During the following years, Gates used his company's growing resources to displace competitors such as
WordPerfect, and Lotus 1-2-3, among many others. It is alleged (although never explained in detail) that
Gates instructed Microsoft programmers to include special code in one of the MS-DOS versions to make
Lotus 1-2-3 produce errors, making it appear to the users as if Lotus's software was the problem.

In the mid-1980s Gates became excited about the possibilities of compact disc for storage, and sponsored
the publication of the book CD-ROM: The New Papyrus that promoted the idea of CD-ROM.

In the late 1980s, Microsoft and IBM partnered in the development of a more advanced operating system,
OS/2. The operating system was marketed in connection with a new hardware design, the PS/2, that was
proprietary and secret to IBM. As the project progressed, Gates oversaw continuing friction with IBM over
the system's design, hardware support, and user interface. Ultimately he came to believe that IBM wanted
to marginalize Microsoft from having any input in OS/2's development. On May 16, 1991 Gates announced
to Microsoft employees that the OS/2 partnership was over and Microsoft would henceforth focus its
platform efforts on Windows and the NT kernel. In the ensuing years OS/2 fell to the side and Windows
became the favored PC platform.

Some years later, Microsoft's Internet Explorer web browser displaced Netscape's Navigator, in a turn of
events that many attributed to Microsoft's inclusion of Internet Explorer in Windows at no extra charge. An
opposing view is that the inclusion in Windows was less important in Internet Explorer's adoption than
Microsoft's improvement of the browser's features to a level comparable with Navigator.

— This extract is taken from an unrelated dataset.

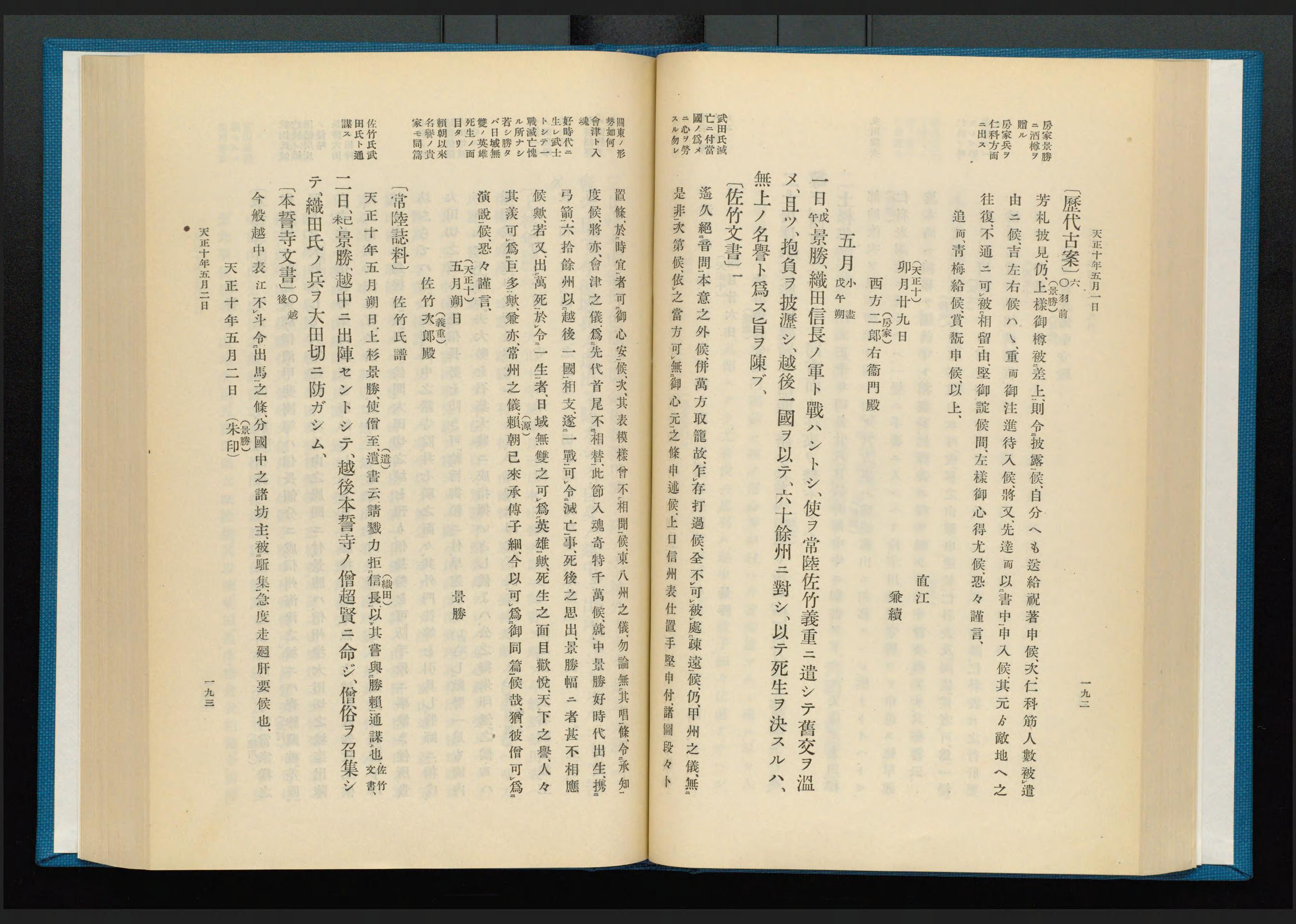 両州诸家、过半被申合御挨拶被申候、年来信长様御入魂ニ候条、弥々天下一统之御驰走

As the architect of Microsoft's product strategy, Gates has aggressively broadened the company's range of
products and, once it has obtained a leading position in a category, has vigorously defended that position.
His and other Microsoft executives' strategic decisions have more than once drawn the concern of
competition regulators, and in some cases have been ruled illegal.

In 2000, Gates promoted long-time friend and Microsoft executive Steve Ballmer to the role of Chief
Executive Officer and took on the role of "Chief Software Architect".

Bill & Melinda Gates Foundation

With his wife, Gates founded the Bill & Melinda Gates Foundation, a charitable organization. Critics have
called this a response to negative public outcry over the seemingly monopolistic and anti-competitive
practices of his company, but those close to Gates say that he had long expressed his plan to eventually
give away most (in 1997 the Washington Post reported 90%) of his large fortune. The foundation's grants
have provided funds for underrepresented minority college scholarships, AIDS prevention, diseases that
strike mainly in the third world, and other causes. In June 1999, Gates and his wife donated US$5 billion to
their foundation, the largest single donation ever by living individuals. He has donated more than 100
million dollars to help kids with AIDS.

Accolades

Honorary KBE from the United Kingdom announced, 2004


Top 100 influential people in media, the Guardian, 2001 
The Sunday Times power list, 1999 
Upside Elite 100, Ranked 2nd, 1999 
Top 50 Cyber Elite, TIME magazine, Ranked 1st, 1998 
Top 100 most powerful people in sports, The Sporting News, Ranked 28th, 1997 
CEO of the year, Chief Executive Officers magazine, 1994Entomologists have named the Bill Gates flower
fly, Eristalis gatesi, in his honour.